Holy Ground

February 1, 2026
Lake Superior chilly afternoon
Lake Superior chilly afternoon

Senseless and madness

We have whistles - they have guns*

Can love find a way

The calendar has turned a page, the temperature has risen to a balmy 20 degrees, and the snowfall that began in the early hours continues to cover all that was unclean. I have tried to sit down to write for several days, but couldn’t muster up the clarity of mind to do it. I had what I thought was something lovely the morning of January 24th, and then the news of Alex Pretti’s murder became known and anything that I had to share felt trite and hollow in the depth of the depravity visited upon us.

The beauty of this state cannot be underestimated.
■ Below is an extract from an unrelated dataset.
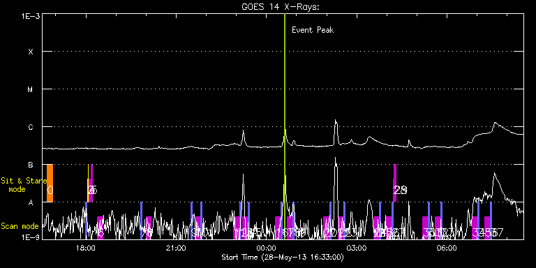 EIS Observation timeline overlay to GOES-Xray curve Code 1" 2" 40" 266" EIS Observations list for this event: STUDY ACRONYM ID DATE OBSERVED DESCRIPTION NOAA# TARGET 0 EL_WHI_CH_limb | 33995 | 2013/05/28 16:43:17 | HOP 201 | | Coronal Hole TIMELINE ID DATE OBSERVED FITS FILE XCEN (+W/-E) YCEN (+N/-S) DUR ----------------------------------------------------------------------------------------------------------------- 33995 | 2013/05/28 16:43:17.000 | eis_l0_20130528_164317.fits.gz | -1110.46 | 299.73 | 10m 1 PRY_slot_contextLITE | 33926 | 2013/05/28 17:59:20 | Measurements during XRT Synoptic | 1755 | Active Region TIMELINE ID DATE OBSERVED FITS FILE XCEN (+W/-E) YCEN (+N/-S) DUR ----------------------------------------------------------------------------------------------------------------- 33926 | 2013/05/28 17:59:20.000 | eis_l0_20130528_175920.fits.gz | -15.06 | -0.58 | 2m56s 2 Alignment_266 | 33927 | 2013/05/28 18:02:58 | Measurements during XRT Synoptic | | Quiet Sun TIMELINE ID DATE OBSERVED FITS FILE XCEN (+W/-E) YCEN (+N/-S) DUR ----------------------------------------------------------------------------------------------------------------- 33927 | 2013/05/28 18:02:58.000 | eis_l0_20130528_180258.fits.gz | -132.49 | -0.50 | 1m22s 3 XRT_synop_AIA | 33928 | 2013/05/28 18:05:19 | Measurements during XRT Synoptic | | Quiet Sun TIMELINE ID DATE OBSERVED FITS FILE XCEN (+W/-E) YCEN (+N/-S) DUR ----------------------------------------------------------------------------------------------------------------- 33928 | 2013/05/28 18:05:19.000 | eis_l0_20130528_180519.fits.gz | -132.49 | -0.35 | 10s 4 regcal071 | 33969 | 2013/05/28 18:05:54 | Dark exposures, CCD bottom rows (100s | | Engineering TIMELINE ID DATE OBSERVED FITS FILE XCEN (+W/-E) YCEN (+N/-S) DUR ----------------------------------------------------------------------------------------------------------------- 33969 | 2013/05/28 18:05:54.000 | eis_l0_20130528_180554.fits.gz | 14.59 | -305.50 | 3m21s 5 regcal072 | 33970 | 2013/05/28 18:10:16 | Dark exposures, top CCD rows (100s exp | | Engineering TIMELINE ID DATE OBSERVED FITS FILE XCEN (+W/-E) YCEN (+N/-S) DUR ----------------------------------------------------------------------------------------------------------------- 33970 | 2013/05/28 18:10:16.000 | eis_l0_20130528_181016.fits.gz | 14.51 | 205.50 | 3m22s 6 SK_DEEP_5x512_SLIT1 | 33929 | 2013/05/28 18:23:34 | HOP 79 | | Quiet Sun TIMELINE ID DATE OBSERVED FITS FILE XCEN (+W/-E) YCEN (+N/-S) DUR ----------------------------------------------------------------------------------------------------------------- 33929 | 2013/05/28 18:23:34.000 | eis_l0_20130528_182334.fits.gz | -11.96 | -945.55 | 10m7s 7 PRY_slot_contextLITE | 33932 | 2013/05/28 19:49:38 | HOP 79 | | Active Region TIMELINE ID DATE OBSERVED FITS FILE XCEN (+W/-E) YCEN (+N/-S) DUR ----------------------------------------------------------------------------------------------------------------- 33932 | 2013/05/28 19:49:38.000 | eis_l0_20130528_194938.fits.gz | -27.19 | -875.56 | 2m56s 8 SK_DEEP_5x512_SLIT1 | 33933 | 2013/05/28 20:00:20 | HOP 79 | | Quiet Sun TIMELINE ID DATE OBSERVED FITS FILE XCEN (+W/-E) YCEN (+N/-S) DUR ----------------------------------------------------------------------------------------------------------------- 33933 | 2013/05/28 20:00:20.000 | eis_l0_20130528_200020.fits.gz | -11.88 | -775.45 | 10m8s 9 PRY_slot_contextLITE | 33936 | 2013/05/28 21:29:34 | HOP 79 | | Active Region TIMELINE ID DATE OBSERVED FITS FILE XCEN (+W/-E) YCEN (+N/-S) DUR ----------------------------------------------------------------------------------------------------------------- 33936 | 2013/05/28 21:29:34.000 | eis_l0_20130528_212934.fits.gz | -27.11 | -675.49 | 2m56s 10 SK_DEEP_5x512_SLIT1 | 33937 | 2013/05/28 21:37:20 | HOP 79 | | Quiet Sun TIMELINE ID DATE OBSERVED FITS FILE XCEN (+W/-E) YCEN (+N/-S) DUR ----------------------------------------------------------------------------------------------------------------- 33937 | 2013/05/28 21:37:20.000 | eis_l0_20130528_213720.fits.gz | -11.88 | -575.30 | 10m7s 11 PRY_slot_contextLITE | 33938 | 2013/05/28 21:48:38 | HOP 79 | | Active Region TIMELINE ID DATE OBSERVED FITS FILE XCEN (+W/-E) YCEN (+N/-S) DUR ----------------------------------------------------------------------------------------------------------------- 33938 | 2013/05/28 21:48:38.000 | eis_l0_20130528_214838.fits.gz | -27.11 | -575.38 | 2m56s 12 SK_DEEP_5x512_SLIT1 | 33939 | 2013/05/28 22:54:50 | HOP 79 | | Quiet Sun TIMELINE ID DATE OBSERVED FITS FILE XCEN (+W/-E) YCEN (+N/-S) DUR ----------------------------------------------------------------------------------------------------------------- 33939 | 2013/05/28 22:54:50.000 | eis_l0_20130528_225450.fits.gz | -11.88 | -475.26 | 10m7s 13 PRY_slot_contextLITE | 33940 | 2013/05/28 23:06:08 | HOP 79 | | Active Region TIMELINE ID DATE OBSERVED FITS FILE XCEN (+W/-E) YCEN (+N/-S) DUR ----------------------------------------------------------------------------------------------------------------- 33940 | 2013/05/28 23:06:08.000 | eis_l0_20130528_230608.fits.gz | -27.11 | -475.34 | 2m56s 14 SK_DEEP_5x512_SLIT1 | 33941 | 2013/05/28 23:12:20 | HOP 79 | | Quiet Sun TIMELINE ID DATE OBSERVED FITS FILE XCEN (+W/-E) YCEN (+N/-S) DUR ----------------------------------------------------------------------------------------------------------------- 33941 | 2013/05/28 23:12:20.000 | eis_l0_20130528_231220.fits.gz | -11.88 | -375.46 | 10m7s 15 PRY_slot_contextLITE | 33942 | 2013/05/28 23:23:38 | HOP 79 | | Active Region TIMELINE ID DATE OBSERVED FITS FILE XCEN (+W/-E) YCEN (+N/-S) DUR ----------------------------------------------------------------------------------------------------------------- 33942 | 2013/05/28 23:23:38.000 | eis_l0_20130528_232338.fits.gz | -27.19 | -375.54 | 2m56s 16 SK_DEEP_5x512_SLIT1 | 33943 | 2013/05/29 00:17:20 | HOP 79 | | Quiet Sun TIMELINE ID DATE OBSERVED FITS FILE XCEN (+W/-E) YCEN (+N/-S) D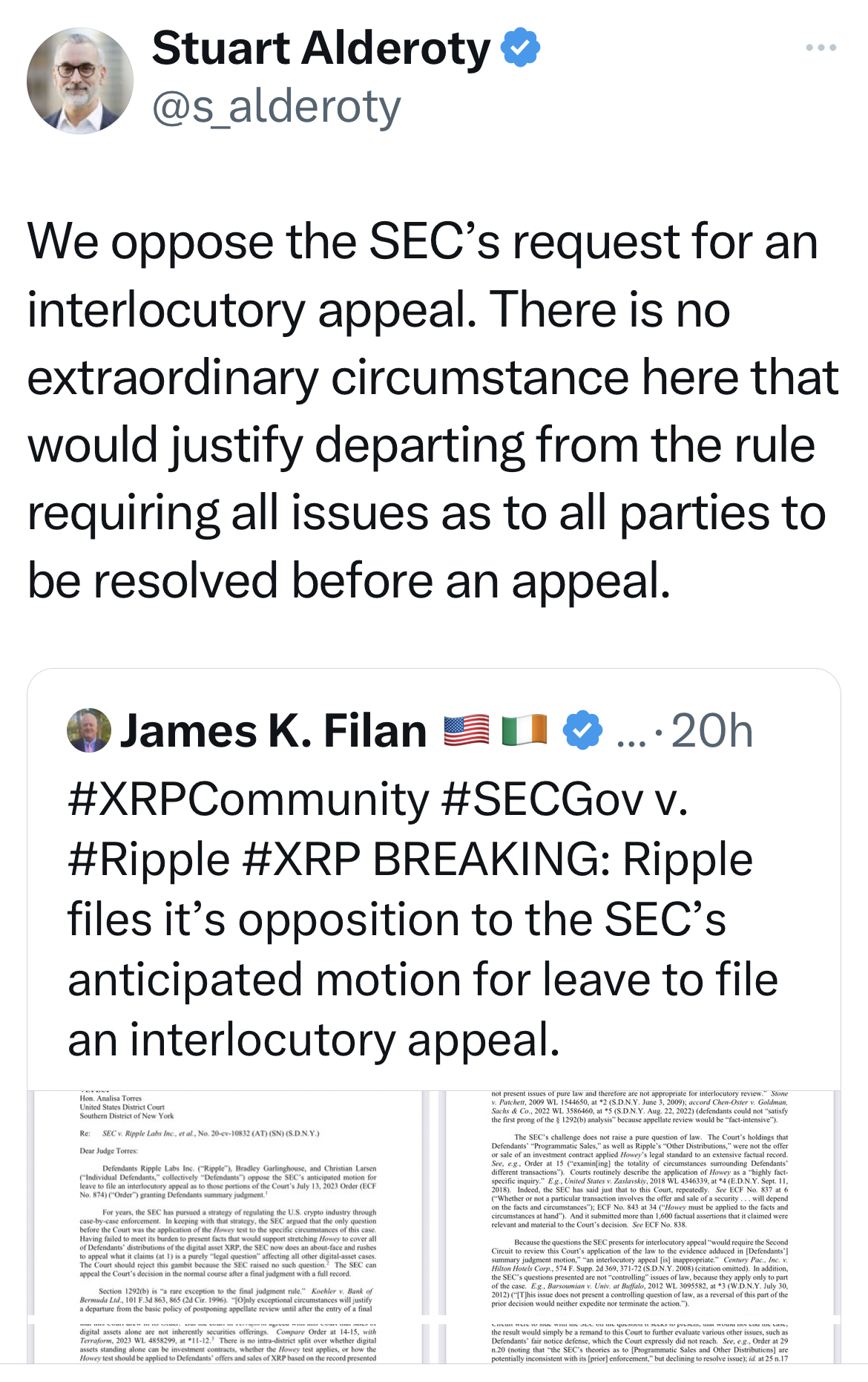 来源: @s_alderoty](https://twitter.com/s_alderoty/status/1691917112019960288) 周四,Torres 允许SEC继续进行提出临时上诉的动议。但无论过程如何,要解决Ripple案件核心问题还需要很多个月甚至几年的时间。

I had the immense privilege of leading a haiku workshop with a large group of curious and enchanting second and third graders at the Wabasha Public Library. When I asked how many of them liked winter, every hand shot up like a rocket. It was brutally cold and windy that day, but the swirling snow in the sparkling sun was a kin to seeing the world through a kaleidoscope. Wabasha is home to The National Eagle Center. Because of their efforts, we can now see bald eagles flying over the Mississippi River on a regular basis. The Wabasha children know this as we talked about how amazing it is that they can look up out of their own back yards to see our national bird flying over our heads. Pretty cool stuff. The time in their presence reminded me of just how much I love being with children, that ability to focus on the present peppered with a healthy dose of imagination. For some reason, the theme of several of their haiku happened to be bears and popcorn, but what’s not to like about bears and popcorn?

On the drive home, all I could reflect upon was what are we doing to our kids? Why are we allowing our kids to grow up in an environment that tells them we cannot afford to educate them, but we can afford to incarcerate them. To what end? God in heaven, to what end?

And then I read this quote by Mirabai Starr, “Dare to believe that when firestorms ravage the landscape of your life, you are standing on holy ground.”

In the midst of caring for my mother in her final days, Pastor Ingrid, who was recently arrested and released, told me that I was doing “holy work.” I couldn’t quite understand what she was saying at the time, but I see it now. I miss my mother dearly, yet I am so grateful for the time I had to spend with her and every mundane chore that had to be done to keep her and my father safe, hard holy work.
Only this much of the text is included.